As adições têm algo de aleatório, ainda assim. Selton Mello interpreta Edgar Wilson em chave de contenção porque o próprio protagonista parece perdido em meio a tantos estímulos que desafiam sua noção de unidade daquilo que ele vivencia. Tudo que acompanhamos em cena tem um caráter de esquete por conta disso; cenas são encadeadas para acrescentar peças num jogo maior de compreensão daquele mundo, mas na prática funcionam mais por seu valor isolado de recompensa (o susto numa cena de fantasma, o ridículo do rito fundamentalista, o gore da violência da estrada). 

Dutra nunca se furtou a aproveitar dos prazeres do horror, sempre em busca de colocar os códigos do gênero a serviço de um olhar sobre os mal-estares contemporâneos. É compreensível que Enterre seus Mortos seja maximalista na adaptação do livro, dado que o diretor vinha de um terror de época, Todos os Mortos, de 2020, que operava todo nas sutilezas das recompensas não assumidas como tal. Havia uma demanda reprimida aí por virtuose? Enterre seus Mortos sugere que sim, pela própria maneira como planos e composições de quadro são pensados, com movimentos longos de câmera e bastante informação visual nos planos gerais.

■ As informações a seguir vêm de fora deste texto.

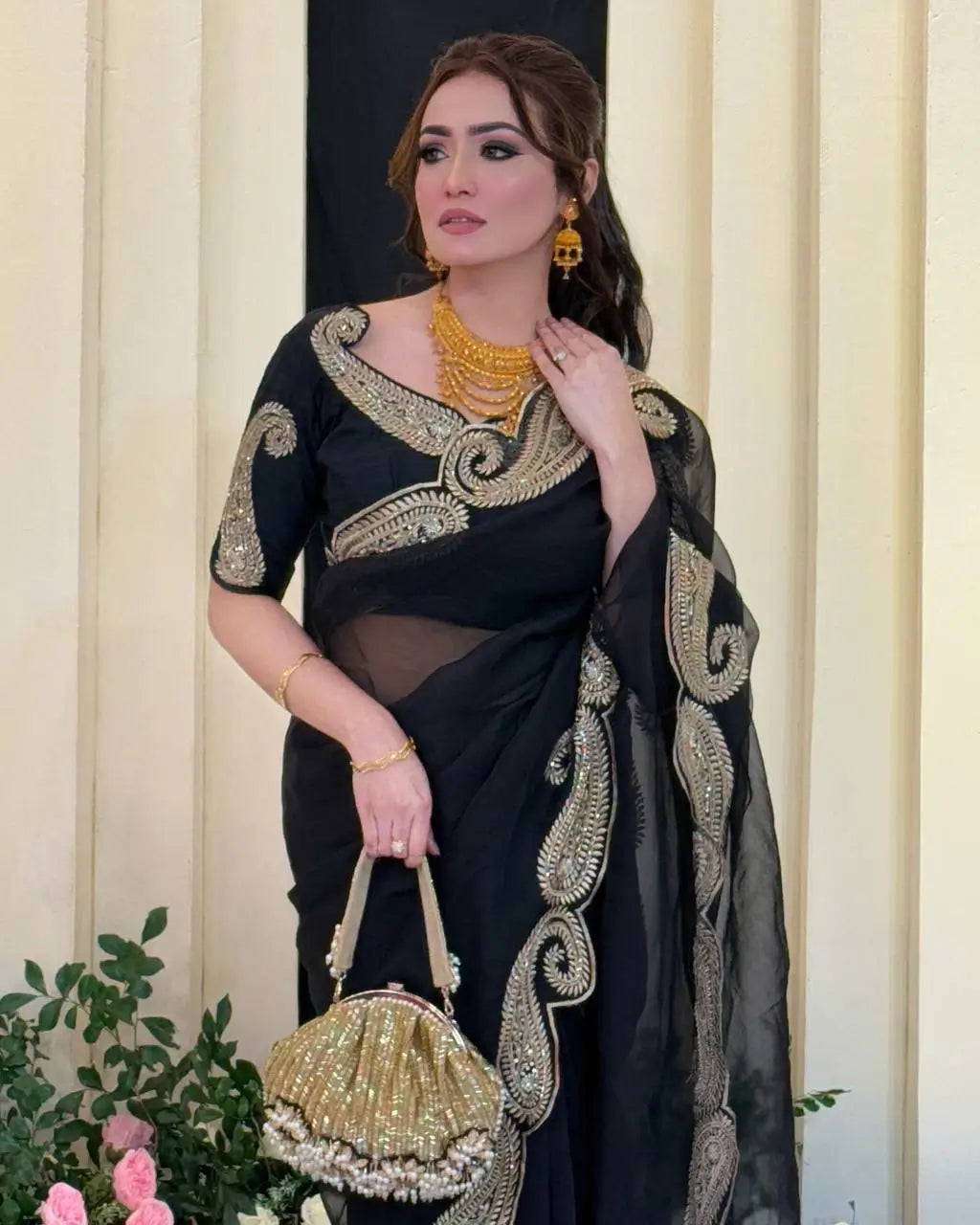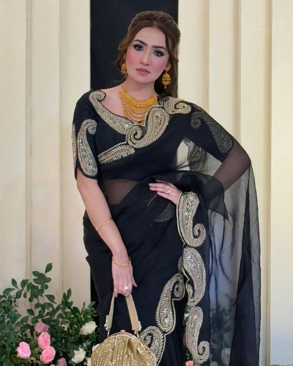 This showroom-quality saree is designed for women who love refined ethnic fashion with a glamorous touch.

Da mesma forma, nossa crise de convívio e alteridade chegou ao auge com a pandemia, então parece compreensível que Enterre seus Mortos (rodado sob os protocolos da Covid) seja um filme também muito difuso e tateante em relação à sua busca por sentido num mundo em desarranjo. Não é um filme difuso como Hereditário, cinicamente indeciso entre a franqueza e a farsa; está mais para um filme desconcertado com a pandemia mesmo, como aliás são muitos daqueles, produzidos no período, que acabaram por escolher o maximalismo para responder à nossa crise de sentidos.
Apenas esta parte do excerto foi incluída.